Je n’avais jamais rien lu de tel.
Assurément, ce livre mérite sa réputation. Intéressant, fantastique à force d’être travaillé dans sa forme mais difficile, et même extrêmement difficile à lire dans une de ses quatre parties. Soit dit sans me faire mousser outre mesure, car je ne pense pas avoir tout saisi.
En fait, ce n’est presque pas un roman. Il faudrait plutôt parler de « poème métaphysique et philosophique en prose ». Ce qui a de quoi effrayer, j’en conviens.
Outre le fond, il y a également la forme : Broch pratique la phrase longue, ce qui lui vaut d’être souvent comparé à Proust, d’après ce que j’ai vu.
Bref il vaut mieux être motivé si on l’aborde, sans quoi on risque de le lâcher très vite.
A l’origine, une anecdote concernant Virgile, le fameux poète antique, qui aurait voulu jeter au feu son œuvre la plus célèbre : l’Enéide. Mais La Mort de Virgile n’est guère un roman historique. Je n’irais pas jusqu’à dire que le point de départ est un prétexte, mais Broch s’en sert surtout pour développer une série de méditations sur l’art, la vie et… la mort, comme l’indique le titre.

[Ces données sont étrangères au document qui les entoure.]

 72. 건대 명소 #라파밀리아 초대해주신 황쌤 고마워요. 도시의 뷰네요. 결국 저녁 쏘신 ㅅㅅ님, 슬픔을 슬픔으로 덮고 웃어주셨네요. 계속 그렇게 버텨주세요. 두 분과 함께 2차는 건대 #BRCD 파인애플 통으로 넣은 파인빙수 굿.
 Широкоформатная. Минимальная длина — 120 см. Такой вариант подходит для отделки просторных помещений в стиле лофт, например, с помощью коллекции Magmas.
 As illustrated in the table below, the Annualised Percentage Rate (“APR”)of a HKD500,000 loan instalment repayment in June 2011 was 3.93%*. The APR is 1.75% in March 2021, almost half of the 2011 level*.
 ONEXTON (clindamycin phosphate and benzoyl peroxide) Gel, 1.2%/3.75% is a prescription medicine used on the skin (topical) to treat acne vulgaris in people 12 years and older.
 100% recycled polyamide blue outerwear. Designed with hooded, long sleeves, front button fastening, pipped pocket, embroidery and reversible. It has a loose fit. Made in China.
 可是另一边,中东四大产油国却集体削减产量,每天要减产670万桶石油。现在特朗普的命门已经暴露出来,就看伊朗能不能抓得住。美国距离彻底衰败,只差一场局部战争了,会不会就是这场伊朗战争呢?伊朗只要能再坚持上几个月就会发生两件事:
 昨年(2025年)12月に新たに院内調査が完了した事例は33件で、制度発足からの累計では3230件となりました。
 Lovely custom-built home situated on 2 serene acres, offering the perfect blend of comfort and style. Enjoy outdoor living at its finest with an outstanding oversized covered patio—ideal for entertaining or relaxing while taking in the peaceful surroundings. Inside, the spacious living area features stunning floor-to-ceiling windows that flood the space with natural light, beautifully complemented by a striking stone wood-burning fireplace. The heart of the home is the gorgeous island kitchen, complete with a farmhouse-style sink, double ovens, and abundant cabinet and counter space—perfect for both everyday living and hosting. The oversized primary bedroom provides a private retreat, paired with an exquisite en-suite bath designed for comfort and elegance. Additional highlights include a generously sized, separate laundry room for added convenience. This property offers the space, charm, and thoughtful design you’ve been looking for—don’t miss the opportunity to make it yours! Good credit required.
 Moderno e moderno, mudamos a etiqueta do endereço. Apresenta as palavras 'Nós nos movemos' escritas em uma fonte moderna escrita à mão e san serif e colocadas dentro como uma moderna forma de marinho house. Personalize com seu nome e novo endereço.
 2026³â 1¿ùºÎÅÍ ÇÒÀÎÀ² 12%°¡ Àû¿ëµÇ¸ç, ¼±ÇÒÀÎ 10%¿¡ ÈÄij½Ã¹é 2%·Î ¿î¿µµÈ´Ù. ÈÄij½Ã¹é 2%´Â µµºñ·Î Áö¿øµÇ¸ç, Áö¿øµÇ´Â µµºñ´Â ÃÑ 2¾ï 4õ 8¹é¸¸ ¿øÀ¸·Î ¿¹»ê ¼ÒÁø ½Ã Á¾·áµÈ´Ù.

La première partie, « L’eau », décrit l’arrivée du poète à Brundisium. Malade, il est trimballé du port jusqu’à la demeure impériale. Il reçoit des quolibets de plusieurs villageois. C’est déjà très dense, si bien que cette description pourtant réaliste, a des allures assez « fantastiques » faisant sentir toute la moiteur des environs du port. La longueur de phrase est déjà importante, mais dans cette partie, Broch ne fait encore « que » dans l’impressionnisme littéraire, et il faut avouer que c’est très beau.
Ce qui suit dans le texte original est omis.